Antileishmanial activity of amides from Piper amalago L. derivative, and synthetic analogs

DAG Cortez ¹, VS Carrara ¹, LZ Serra ¹, IG Demarchi ², MVC Lonardoni ², L Cardozo-Filho ³, EF Cunha-Júnior ⁴, EC Torres-Santos ⁴, AG Corrêa ⁵, JL Monteiro ⁵, LER Cortez ⁶

¹Departamento de Farmácia
²Departamento de Análises Clínicas
³Departamento de Engernharia Química, Universidade Estadual de Maringá, Maringá, PR
⁴Instituto Oswaldo Cruz, FIOCRUZ, Rio de Janeiro
⁵Departamento de Química, UFSCar, São Carlos
⁶Cesumar, Avenida Guedner, 1610 Maringá – PR, Brazil

Congress Abstract

Amides (1–2) were isolated from the chloroform extract of Piper amalago L. leaves. A derivative (3) and synthetic analogs (4–6) were prepared and all the compounds were tested against the promastigote and intracellular amastigote forms of Leishmania amazonensis.
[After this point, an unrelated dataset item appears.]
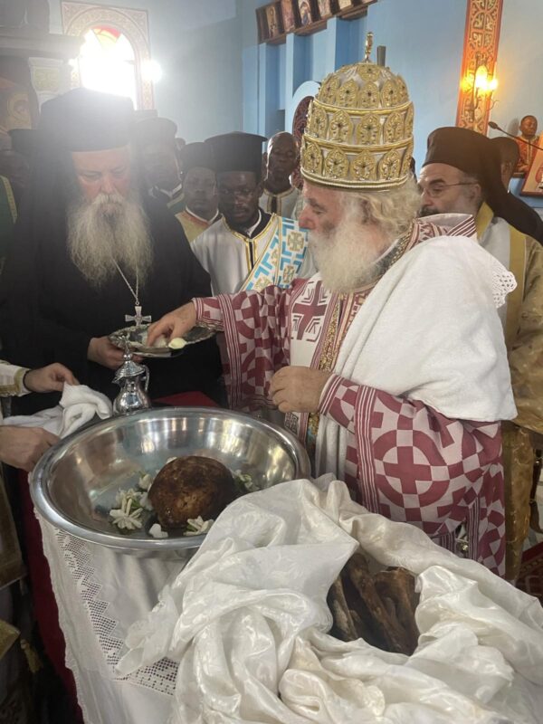 Στις 22 Μαρτίου ήρθε η μεγάλη στιγμή: Η ανακομιδή των ιερών λειψάνων του Αγίου Χρυσόστομου, του πρώτου ορθόδοξου ιεραποστόλου στην Αφρική. Ρίγη συγκίνησης κατέλαβαν όλους μας όταν οι αρχιερείς ανέσυραν από τον τάφο του Πατρός τα άγια λείψανα. Δεξιά και αριστερά οι τάφοι των άλλων ιεραποστόλων, και στη μέση ο Πατέρας Χρυσόστομος. Ο Πατριάρχης Αλεξανδρείας παρέλαβε ο ίδιος την αγία κάρα και αμέσως μού έδωσε να την ασπαστώ. Ακολούθησε το τυπικό κατά την παράδοση: το πλύσιμο των ιερών λειψάνων με ροδέλαιο, εν ψαλμοίς και ωδαίς, ο ραντισμός του πλήθους με μύρο, και η τοποθέτηση των τιμίων λειψάνων στη λάρνακα για προσκύνημα από τον λαό του Θεού.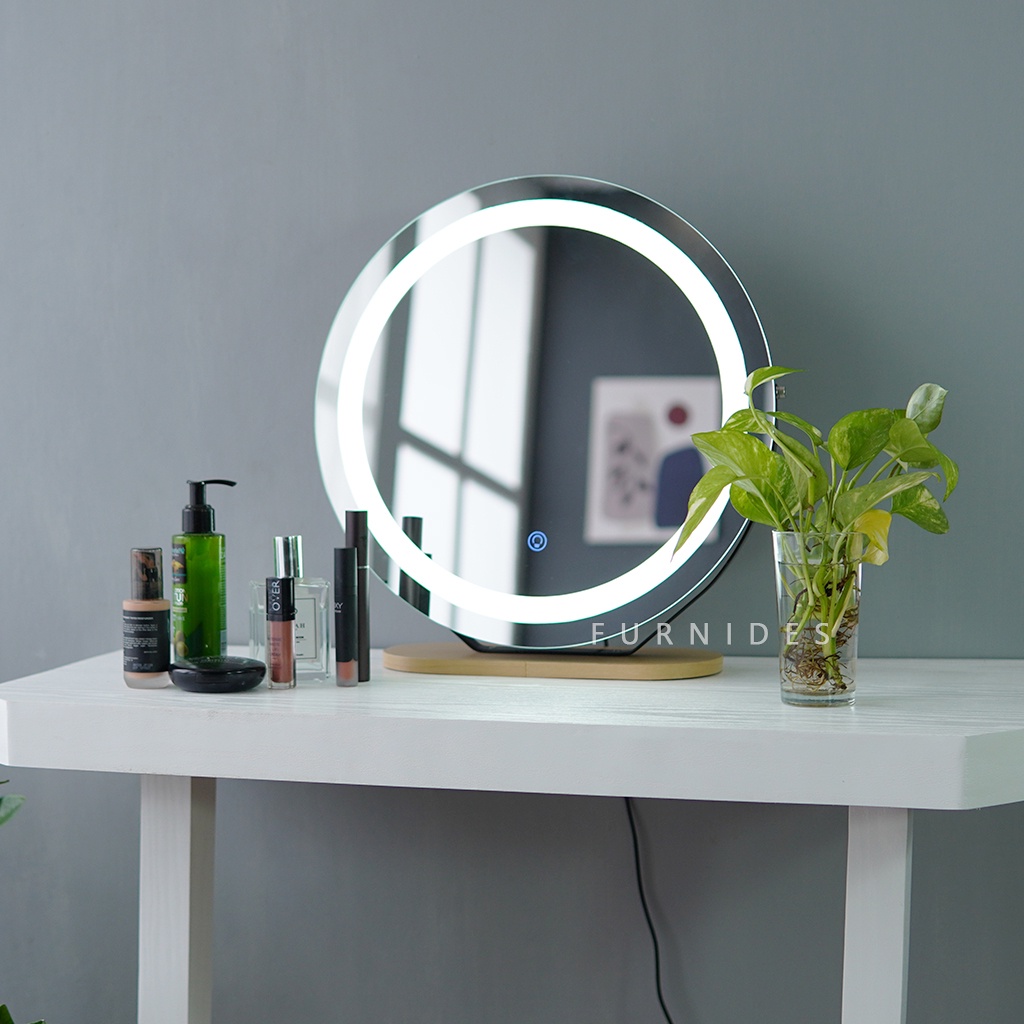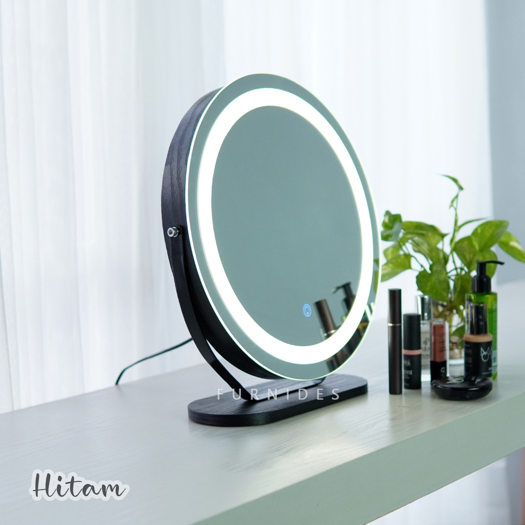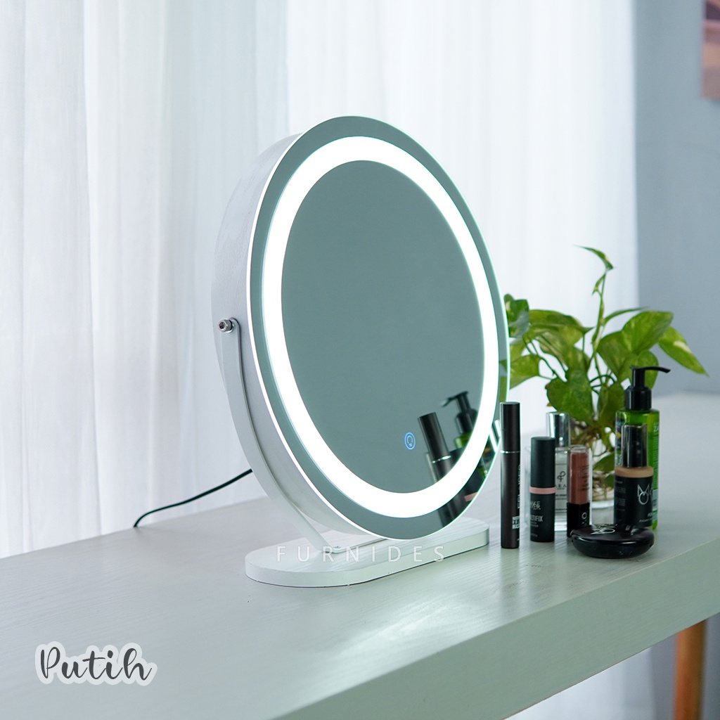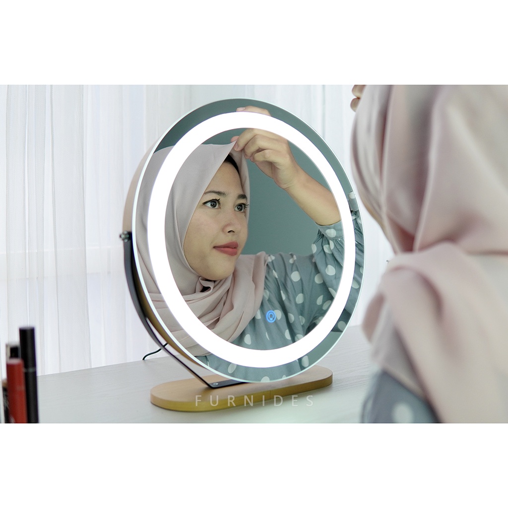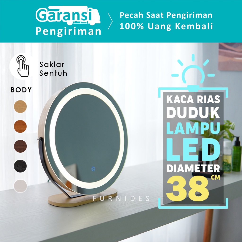 Cermin Rias Bulat | Make Up Duduk Lampu LED Diemeter 38 cm

The cytotoxicity toward the J774A1 macrophages and the ability to induce nitric oxide production were also investigated. Compound 2 was the most active of all the compounds against the promastigote and intracellular amastigote forms with IC₅₀ values of 15µM and 14.5µM, respectively. None of the compounds modulated the production of nitric oxide, suggesting a direct mechanism of action on Leishmania.